I don't know. Listen, here's the thing that matters.
Your dark journey into the wilderness, 
your trust in the One who has not yet delivered on his promise,
who "proves" his promise with a fire thing in the middle of cut up animals--
through all this, you have stayed with me,
you have kept up the questions, the argument,
kept moving in this strange direction.
You hang on me like a nursing child,
your nails are deep deep in Yahweh's flesh,
I have seen your tears (have you seen mine?)--
I mean, thank you for your fierce grip.
Holding on is the only righteousness.

I know the past has been a wilderness, isolation, the absurd,
but this story, ours, is not about the past.
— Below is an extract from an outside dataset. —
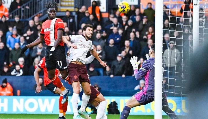 卢顿的伊莱贾-阿德巴约(下图)在10次头球攻门中攻入4球(40%),曼联中场斯科特-麦克托米奈则在9次头球攻门中攻入3球(33.3%)。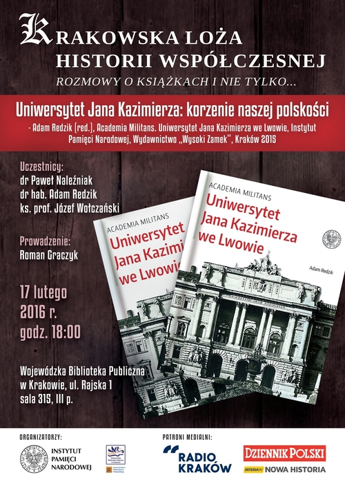 17/02/2016„Uniwersytet Jana Kazimierza: korzenie naszej polskości” – spotkanie z cyklu „Krakowska Loża Historii Współczesnej” – Kraków, 17 lutego 2016

Look up at the stars, I said,
find us there.
I need to use your name, with every syllable I will give you,
I need to say to the world
he hung on me like a nursing child
his story was mine, mine his
I know his nails in my flesh
he tastes my tears in his mouth
he drove the birds of prey away from my carcass
he stayed with me.

Your name will mean "one who won't let go." 
And you will be the father of those who hold on.